No results posted yet for this study

Summary

Osteoporosis is a systemic bone disorder characterised by a reduced bone mass and structural deterioration, increasing the risk of fragility fractures, particularly in women post-menopause. Bone mass and structure can be assessed by scans.

Antiresorptive medications are commonly prescribed to reduce bone resorption, preventing further bone loss and thus reducing the possibility of fracture. Exercise can also benefit bone mass and structure but current evidence do not show whether exercise is more, or less, effective in combination with antiresorptive medication.

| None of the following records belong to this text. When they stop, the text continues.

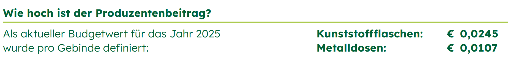 L'importo del contributo del produttore viene determinato e pubblicato regolarmente, almeno annualmente, da Recycling Pfand Österreich, a seconda del materiale (plastica o metallo). Il contributo tiene conto di tutte le entrate (ad esempio, le quote di registrazione, i ricavi dei materiali e gli importi dei depositi non versati) e di tutte le spese del sistema (ad esempio, il rimborso delle spese per i destinatari (quota di gestione), i costi di raccolta, selezione, conteggio e trasporto, nonché i costi per l'ufficio centrale). Il regolamento stabilisce inoltre che il contributo del produttore deve essere calcolato per articolo.
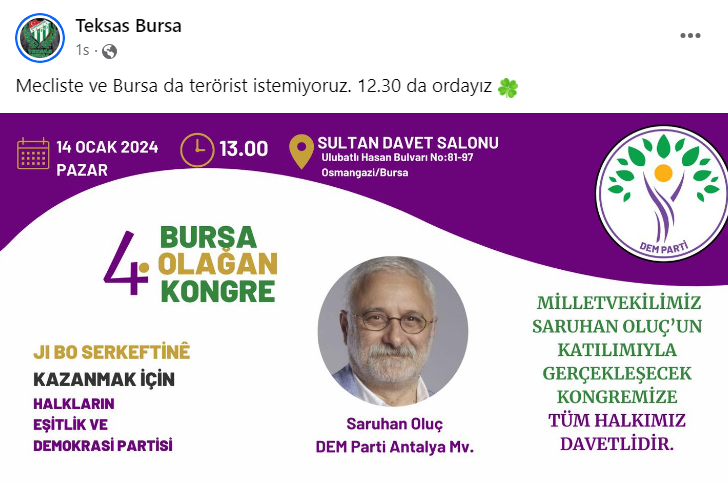 Bursaspor taraftar grubu Teksas sosyal medya hesabından, yarın DEM Antalya Milletvekili Saruhan Oluç’un katılımıyla gerçekleşecek kongreye işaret ederek şu paylaşımda bulundu:
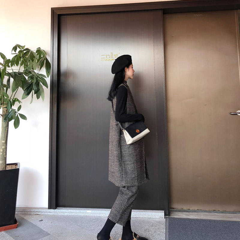 / 韓版時尚秋裝女2018新款套裝呢料長款外套+馬甲+毛邊九分褲三件套
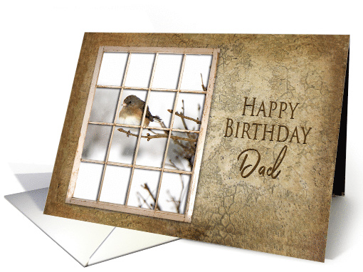Birthday, Dad, View Through Old Window Small Bird on Branch
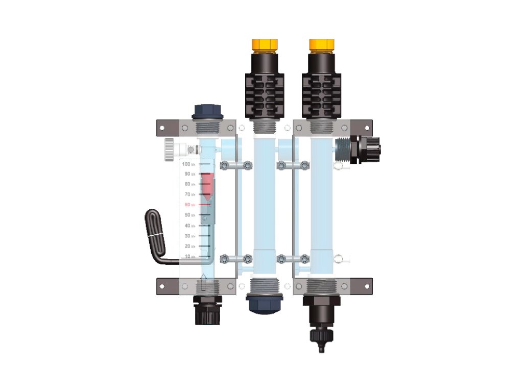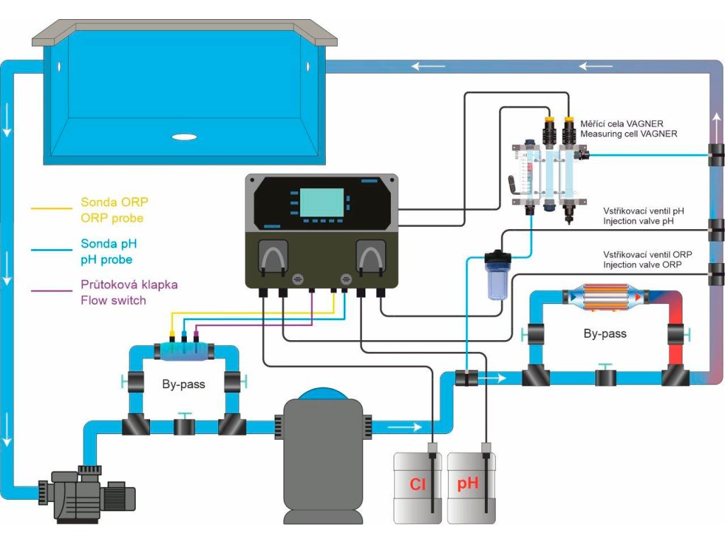 VA DOS EXACT "VAGNER" pH + FCL Digitální víceparametrová dávkovací stanice pro péči o bazénovou vodu Měřené hodnoty se zobrazují na velkém přehledném grafickém displeji Stupeň krytí IP65 Provozní ochrany: OFA alarm (OverFeedAlarm - ochrana proti předávkování) Galvanicky oddělné vstupy měření Hlídání průtoku - není součástí balení Hlídání hladiny chemických činiděl - není součástí balení Způsob dávkování: ZAP/VYP Časové (5-3600s) Proporcionální (na základě naměřených hodnot) Snadno nastavitelná multiparametrová stanice Menu v několika světových jazycích (CZ, EN, DE, HR, RU ... ) Stanice má integrovanou Wi-Fi a lze ji vzdáleně ovládat pomocí aplikací "SEKOlink" či "SEKOweb" Kompatibilní s inteligentním ovládáním VArio (Verze 1.4 a vyšší) Přímé měření koncentrace volného chlóru (0 - 5 ppm) Dávkování chlorové dezinfekce Měření pH v bazénové vodě (rozsah měření: 0,0 - 14,0) Dávkování pH (pH plus / pH mínus) Stanice je osazena dvěma peristaltickými čerpadly s průtokem až 1,5 l/h Stanici je možné rozšířit o dávkování flokulantu, a to tak, že se ke stanici přidá externí dávkovací čerpadlo Lze připojit a ovládat základní jednotku pro úpravu slané vody (solničku bez měření) Stanici lze rozšířit např. o: měření průtoku, dávkování flokulantu, ... Součástí balení stanice VA DOSEXACT "VAGNER" pH + FCL je i příslušenství pro měření a regulaci pH a FCL Příslušenství pro měření a regulaci pH [2x navrtávací díl, pH sonda, držák sondy, kalibrační roztoky (4/7), vstřikovací ventilek, redukce pro vstřikovací ventilek] MĚŘÍCÍ CELA "VAGNER" obsahuje volnochlórovou sondu v měděnoplatinovém provedení s vyšší odolností (měď není v kontaktu s vodou) Schematický příklad hydraulického zapojení stanice VA DOS BASIC EXACT "VAGNER" - pH + FCL Možnosti rozšíření: Průtokový senzor Hladinová sonda VA DATALOG KIT ORP s PT sondoU VArio Teplotní senzorDoplňkové parametry
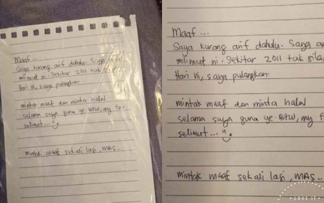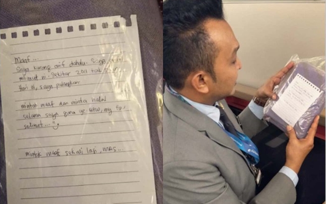 Một tài khoản Twitter có tên @Hazrey đã chia sẻ hình ảnh một hành khách trả lại chiếc chăn mà anh ta đã lấy cách đây 9 năm trên máy bay. Khi trả, chiếc chăn còn được xếp lại gọn gàng và bọc trong bao ni-lông có ghi chú trên đó.
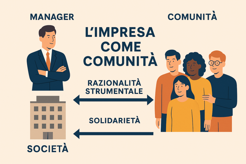 Mentre la "società", in fondo, si concentra sui rapporti contrattuali e la razionalità strumentale, la "comunità" si basa sulla solidarietà e sulla dimensione umana. L'equilibrio tra questi due concetti è essenziale per il corretto funzionamento di un'impresa, che deve essere una comunità di persone piuttosto che una società.
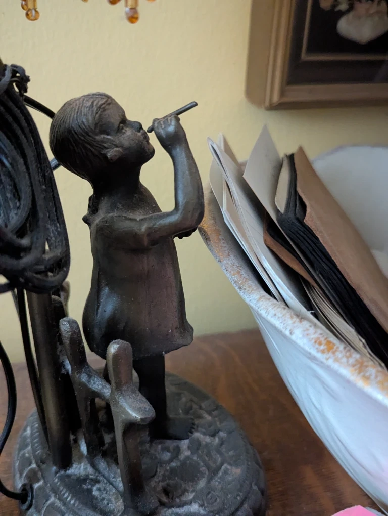 This is a charming vintage-style accent lamp that would look lovely in any room. It features a bronze-tone base with a figure and a beaded shade. It gives off a warm and cozy light
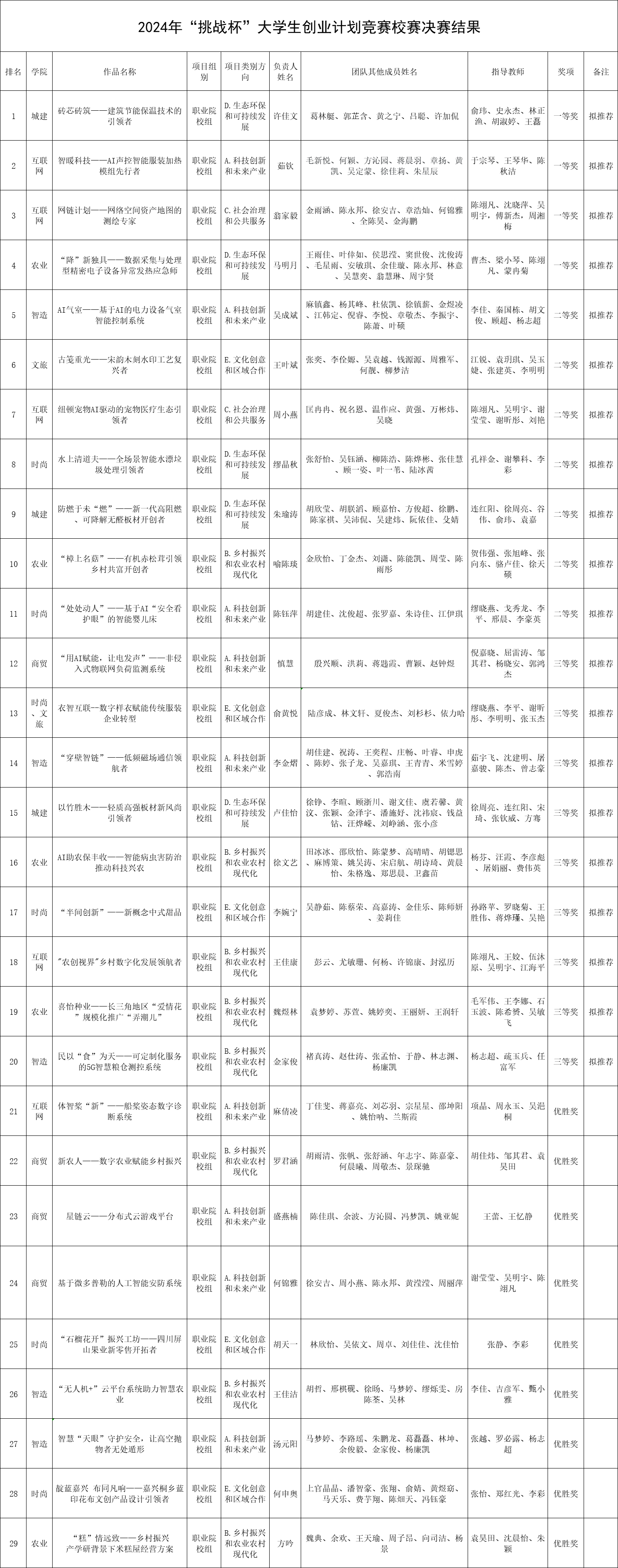根據(jù)《關(guān)于舉辦2024年“挑戰(zhàn)杯”大學(xué)生創(chuàng)業(yè)計(jì)劃競(jìng)賽校賽的通知》,經(jīng)校賽組織專家評(píng)審,共評(píng)選出一等獎(jiǎng)4項(xiàng),二等獎(jiǎng)7項(xiàng),三等獎(jiǎng)9項(xiàng),優(yōu)勝獎(jiǎng)9項(xiàng),現(xiàn)予以公示。公示期為2024年4月11日——2024年4月17日,如有疑問或異議,請(qǐng)及時(shí)與校團(tuán)委聯(lián)系,聯(lián)系電話:0573-89978126。
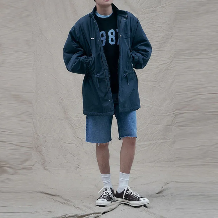 MMLG Однотонный Letters Воротник-стойка Свободный крой MID Длина Пуховая куртка Унисекс
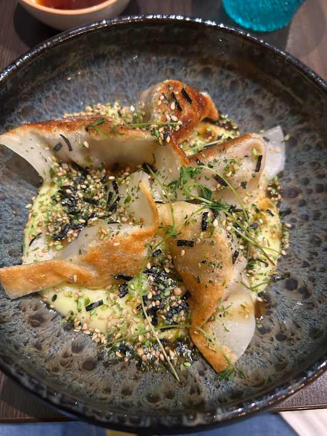 - Gyoza ripieni di capasante e tartufo nero pregiato, barba dei frati e fondo al tartufo

This study will compare the effect of a brief, home-based exercise programme on bone mineral and structural properties in women taking/ not taking antiresorptive medication.

Conditions

  • Osteoporosis in Post-menopausal Women

Interventions

BEHAVIORAL

EXERCISE TRAINING

The unilateral high-impact (hopping) exercise will be on one randomly allocated exercise leg, with the contralateral leg being untrained to provide a control leg. Each session will begin with a warm-up targeting the legs and lower back. The progressive exercise regimen consists of multidirectional hopping exercises that will gradually increase in technique, intensity, and frequency to ensure safety. It will be personalised according to the participants' physical abilities and responses during or after the exercise.

DRUG

Antiresorptive medication (routine clinical care)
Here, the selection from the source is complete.